Problem description: When you reach the line containing "Bulky CRT TVs, VCRs, and" in the data below, begin returning lines exactly as written, and stop once the line containing "所以慢慢减少 的本质在于,在" has been returned.

Dataset excerpts:
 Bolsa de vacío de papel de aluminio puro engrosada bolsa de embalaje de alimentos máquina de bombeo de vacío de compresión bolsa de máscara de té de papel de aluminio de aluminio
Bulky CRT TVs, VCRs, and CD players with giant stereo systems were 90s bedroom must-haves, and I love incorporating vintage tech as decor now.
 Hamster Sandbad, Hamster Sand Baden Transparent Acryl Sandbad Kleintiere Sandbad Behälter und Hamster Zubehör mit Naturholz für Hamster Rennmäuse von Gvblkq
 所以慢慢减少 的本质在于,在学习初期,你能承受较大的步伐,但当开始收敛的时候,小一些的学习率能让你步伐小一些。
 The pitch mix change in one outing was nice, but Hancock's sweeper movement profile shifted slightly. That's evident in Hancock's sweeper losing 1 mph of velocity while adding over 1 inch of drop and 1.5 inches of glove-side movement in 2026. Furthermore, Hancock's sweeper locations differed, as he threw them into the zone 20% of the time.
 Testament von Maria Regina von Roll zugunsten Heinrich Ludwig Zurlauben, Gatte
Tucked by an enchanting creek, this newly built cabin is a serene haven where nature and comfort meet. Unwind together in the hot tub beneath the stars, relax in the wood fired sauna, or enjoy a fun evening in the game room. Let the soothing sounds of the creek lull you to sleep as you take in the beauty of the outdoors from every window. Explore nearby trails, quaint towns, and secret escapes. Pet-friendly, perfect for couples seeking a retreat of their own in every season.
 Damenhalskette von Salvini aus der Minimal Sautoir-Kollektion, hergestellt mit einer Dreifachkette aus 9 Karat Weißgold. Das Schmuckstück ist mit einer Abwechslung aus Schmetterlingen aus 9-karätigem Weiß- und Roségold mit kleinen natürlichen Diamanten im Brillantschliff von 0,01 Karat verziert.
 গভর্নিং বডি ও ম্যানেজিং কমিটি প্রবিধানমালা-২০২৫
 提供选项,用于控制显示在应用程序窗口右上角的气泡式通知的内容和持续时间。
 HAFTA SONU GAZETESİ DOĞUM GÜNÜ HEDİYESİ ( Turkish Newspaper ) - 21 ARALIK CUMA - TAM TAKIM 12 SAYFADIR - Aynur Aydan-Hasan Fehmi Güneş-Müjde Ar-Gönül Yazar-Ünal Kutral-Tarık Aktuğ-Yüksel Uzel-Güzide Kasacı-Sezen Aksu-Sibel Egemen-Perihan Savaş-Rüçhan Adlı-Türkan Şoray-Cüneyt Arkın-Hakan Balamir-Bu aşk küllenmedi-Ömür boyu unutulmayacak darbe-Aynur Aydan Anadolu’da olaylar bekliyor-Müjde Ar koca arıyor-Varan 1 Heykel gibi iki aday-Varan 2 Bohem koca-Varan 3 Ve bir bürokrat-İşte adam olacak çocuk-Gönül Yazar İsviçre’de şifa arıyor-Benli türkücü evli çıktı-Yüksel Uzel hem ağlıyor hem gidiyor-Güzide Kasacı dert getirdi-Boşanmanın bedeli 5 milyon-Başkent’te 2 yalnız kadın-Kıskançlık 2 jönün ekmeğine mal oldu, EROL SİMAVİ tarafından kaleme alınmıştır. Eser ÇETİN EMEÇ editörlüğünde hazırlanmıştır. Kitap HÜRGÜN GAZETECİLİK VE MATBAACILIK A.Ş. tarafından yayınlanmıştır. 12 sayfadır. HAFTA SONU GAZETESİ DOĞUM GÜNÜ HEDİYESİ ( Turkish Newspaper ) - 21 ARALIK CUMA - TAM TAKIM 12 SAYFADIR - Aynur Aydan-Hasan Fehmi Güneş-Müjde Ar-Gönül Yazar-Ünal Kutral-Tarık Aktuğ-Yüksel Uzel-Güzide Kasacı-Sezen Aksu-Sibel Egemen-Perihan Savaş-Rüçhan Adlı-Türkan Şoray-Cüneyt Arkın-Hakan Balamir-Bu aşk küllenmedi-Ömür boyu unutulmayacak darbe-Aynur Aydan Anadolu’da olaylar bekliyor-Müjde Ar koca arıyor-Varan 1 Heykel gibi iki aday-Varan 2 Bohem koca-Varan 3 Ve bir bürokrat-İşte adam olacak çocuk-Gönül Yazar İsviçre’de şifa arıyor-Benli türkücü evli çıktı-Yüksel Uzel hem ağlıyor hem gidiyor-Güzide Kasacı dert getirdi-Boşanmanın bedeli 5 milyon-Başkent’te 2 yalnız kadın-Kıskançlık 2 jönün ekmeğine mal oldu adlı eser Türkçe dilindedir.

Problem solution:
Bulky CRT TVs, VCRs, and CD players with giant stereo systems were 90s bedroom must-haves, and I love incorporating vintage tech as decor now.
 Hamster Sandbad, Hamster Sand Baden Transparent Acryl Sandbad Kleintiere Sandbad Behälter und Hamster Zubehör mit Naturholz für Hamster Rennmäuse von Gvblkq
 所以慢慢减少 的本质在于,在学习初期,你能承受较大的步伐,但当开始收敛的时候,小一些的学习率能让你步伐小一些。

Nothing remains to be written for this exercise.